San Diego Urban Project

Sarah with students on a summer project!

[This is a series designed to bring you into the the unique A.P.E stories of each writer on this blog. We hope each one of you can find a little of your A.P.E story inside of one of us. Read the other stories]

When I came to college, I was on the edge of faith. Not only was I faced with an onslaught of options to define who I was in that new and broader world, but I was also constantly nagged with a question about the Christian life…”Is this it?” Beyond just a restless sense of dissatisfaction, I’ve come to realize that question is the root of the A.P.E. in me.

Joining InterVarsity as a student answered many questions for me about what a community following Jesus could look like. Diverse, faithful, and risky, the students in InterVarsity gave me a taste of what being on the faith journey with good friends looked and felt like. Studying abroad in South Africa for a year expanded my American view of God and church and working with unwed, HIV-positive mothers in the townships gave me an insatiable desire to find God in the forgotten places.

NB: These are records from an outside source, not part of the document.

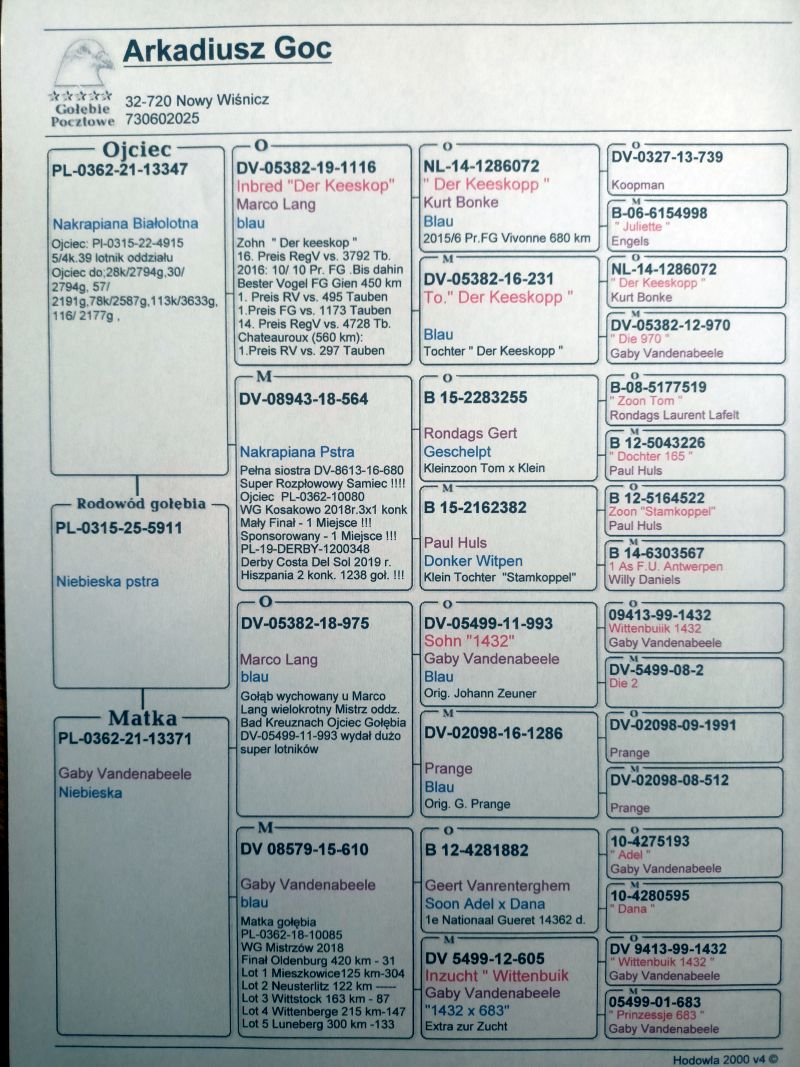 Oryginalny gołąb z hodowli Arkadiusz Goc. Szczegóły pochodzenia w rodowodzie. Więcej informacji pod nr tel.: 730602025 **Odbiór osobisty lub po uzgodnieniu transportu. ** Gołębie młode 2021rok 2 przodownik 7 z 50, 1 przodownik 10 z całości, 24 przodownik okręgu Kraków, 2022rok 2 przodownik 7 z 50, Vice Mistrz 10 z całości, 2023 rok 2 przodownik 10 z całości, 2 przodownik 10 z 50
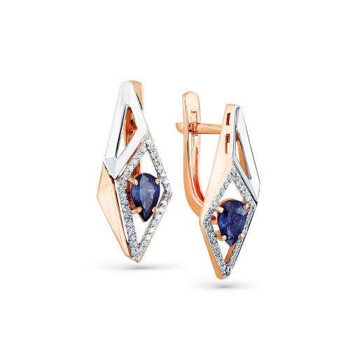 Стильные геометрические серьги выполнены из красного и белого золота 585 пробы и украшены сапфирами и сверкающими бриллиантами
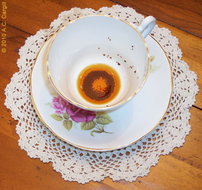 When you are sipping that tea while doing other things (reading, writing, wiping runny noses, etc.), you can lose track of the level of the liquid in your teacup. You sip, set the cup down, then read/write/wipe, then sip again, and so on. If you’re not careful, you run the risk of coming down with empty teacup syndrome.
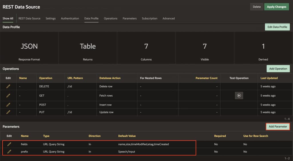 The REST Data Source acts as a bridge between APEX and OCI Object Storage, allowing you to query files without server-side processing.

Following graduation, I joined InterVarsity staff and during my first summer I took a small team of students to the Los Angeles Urban Project. This 5-week program gave us all a Kingdom theology grounded in God’s heartbeat for justice, and His preferential focus and call to those on the margins. It was here that my question of “Is this it?” was resoundingly answered by “Yes. This is what the Kingdom is like…”

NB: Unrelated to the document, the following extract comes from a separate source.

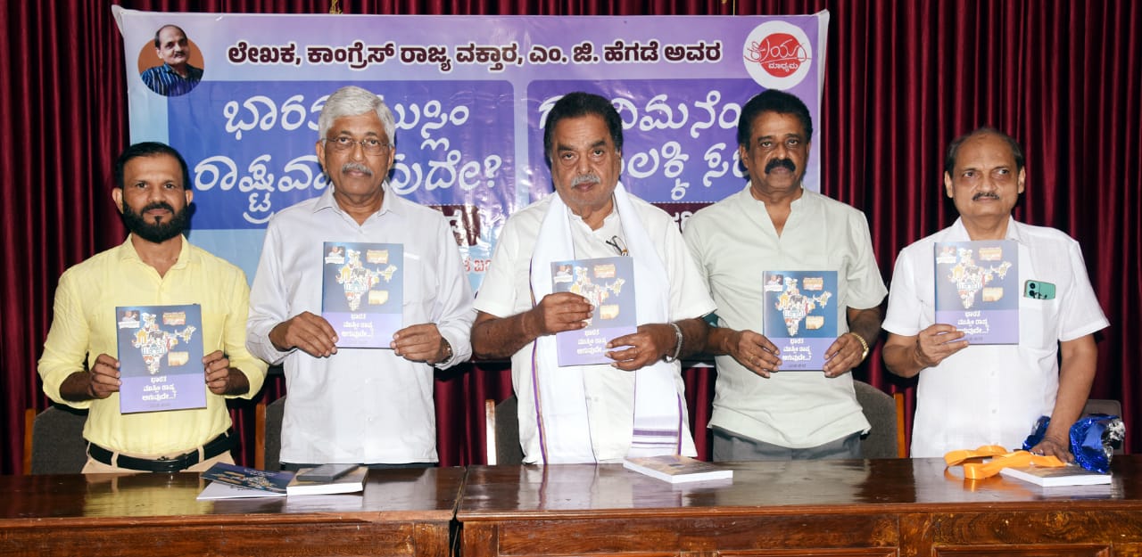 ಮಂಗಳೂರು: ನಗರದ ಸಹೋದಯ ಹಾಲ್ ನಲ್ಲಿ ಖ್ಯಾತ ಸಾಹಿತಿ ಮತ್ತು ಚಿಂತಕ ಎಂ ಜಿ ಹೆಗಡೆ ಅವರ “ಭಾರತ ಮುಸ್ಲಿಂ ರಾಷ್ಟ್ರವಾಗುವುದೇ” ಕೃತಿಯ ಬಿಡುಗಡೆ ಹಾಗೂ “ಗಾಂಧಿಮನೆಯ ಅವಲಕ್ಕಿಸರ” ಪುಸ್ತಕ ಪರಿಚಯ ಕಾರ್ಯಕ್ರಮ ಅತ್ಯಂತ ಯಶಸ್ವಿಯಾಗಿ ನೆರವೇರಿತು. ಸಾಹಿತ್ಯಾಸಕ್ತರು, ಚಿಂತಕರು, ಸಮಾಜಮುಖಿ ಹೋರಾಟಗಾರರು ಹಾಗೂ ಮಾಧ್ಯಮ ಪ್ರತಿನಿಧಿಗಳ ಸಮ್ಮುಖದಲ್ಲಿ ನಡೆದ ಈ ಕಾರ್ಯಕ್ರಮ ಚಿಂತನೆಗೆ ದಾರಿಯಾದ ಒಂದು ಮಹತ್ವದ ವೇದಿಕೆಯಾಗಿತ್ತು.
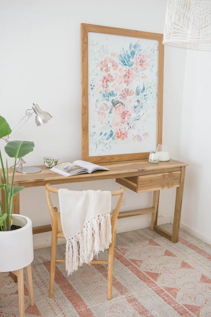 Escritorio con cajón con correderas telescopicas y estructura en petiribi macizo y tapa enchapada.

From then, I was hooked. I have never been able to let go of a Gospel that “comforts the afflicted and afflicts the comfortable.”

At a conference in San Francisco that we eventually brought to San Diego called Jesus, Justice and Poverty, a young woman shared her story about working and serving with the poor. As a white girl from a middle-class background like myself, she echoed the words in my heart when at the end of her testimony she cautioned,

“Don’t think that I do this because I am a great person or have anything to offer. This time spent in this community has saved my life.”

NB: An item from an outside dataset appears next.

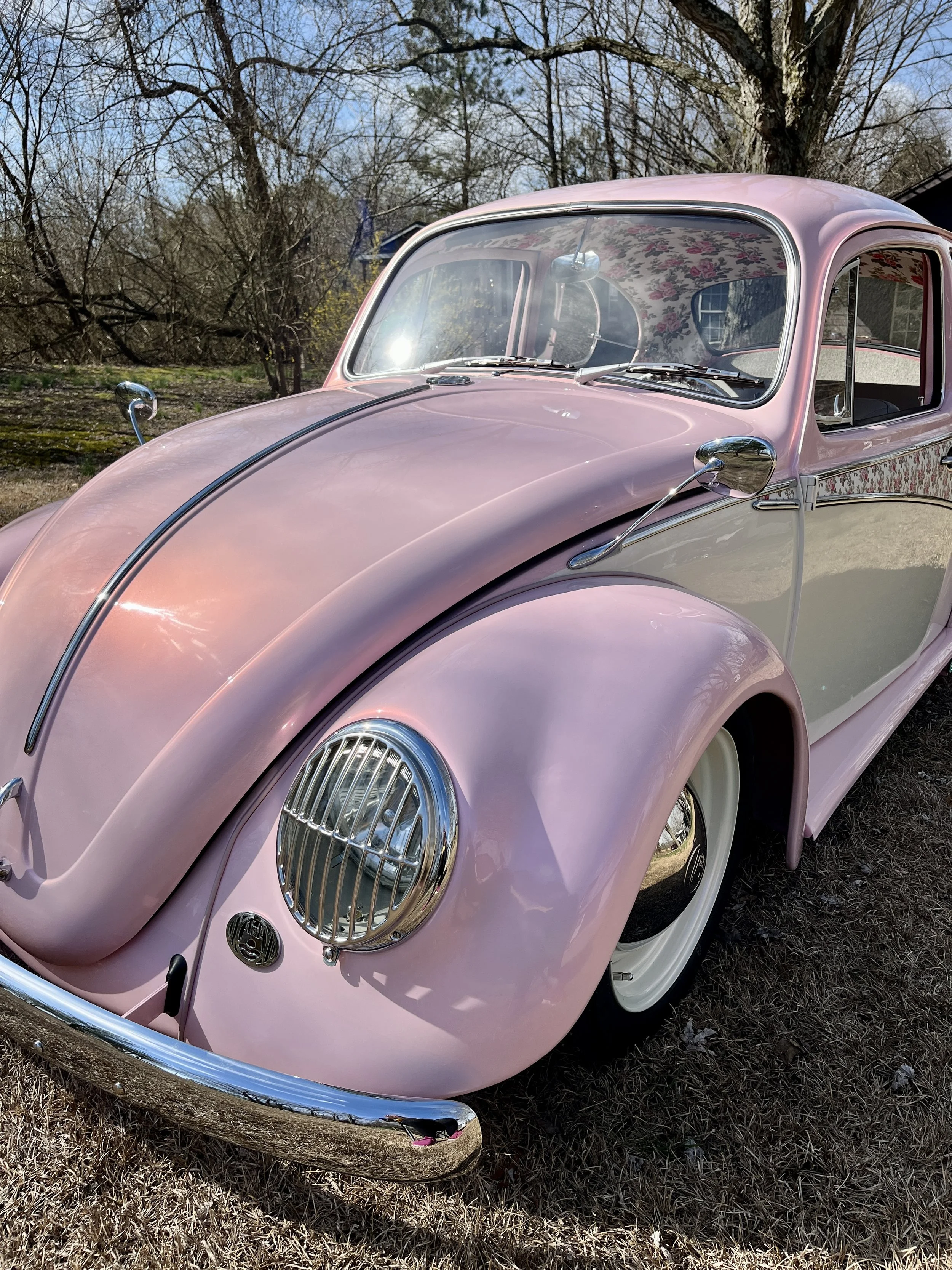 Vintage pink Volkswagen Beetle with floral interior details in an outdoor setting.

Every chance I’ve had to experience Jesus’ love and action for the broken, the prisoners, the poor has helped me understand and love Him more, and has saved me from a life of selfishness, oppression, and frivolity.

Prophet – Apostle

Therefore, in my very limited knowledge of APEST, I have found myself identifying with the prophet-apostle, unable to escape a “sent” life unleashing the Kingdom of God in anyway I can, and challenging the Church to do the same. There are many debates on how to interpret a prophetic role. I love Abraham Heschel’s definition in his book The Prophets,

 “The prophet was an individual who said No to his society, condemning its habits and assumptions, its complacency, waywardness, and syncretism. He was often compelled to proclaim the very opposite of what his heart expected. His fundamental objective was to reconcile man and God.”

Why does the Church need prophets today? In my interactions throughout the world, and in our own country, I have increasingly encountered an abject dismissal of Christianity because of how it has been lived out by Christians. Our good news has been lost as the Church has lost our grasp on the sacrificial, unconditional love of Jesus, who challenged the religious power, spent his time with sinners, and invited all people into an upside-down Kingdom. The prophets in our midst can call us back to that love.

For our truth to have any power, we must live out this message as well as speak it. Not only will it help our churches and our evangelism, but the world aches to see this Kingdom come, bringing healing, justice, and true reconciliation. This is the purpose of our life here on earth, and we must take hold of it completely, being willing to give anything in our life for it.  Along the way, this good news will transform believers as well as non-believers, churches, communities, and entire systems, giving us that kind of life that never needs to ask the question, “Is this it?”

What about you? Have you been asking yourself “is this it?” lately?

[This is a series designed to bring you into the the unique A.P.E stories of each writer on this blog. We hope each one of you can find a little of your A.P.E story inside of one of us. Read the other stories]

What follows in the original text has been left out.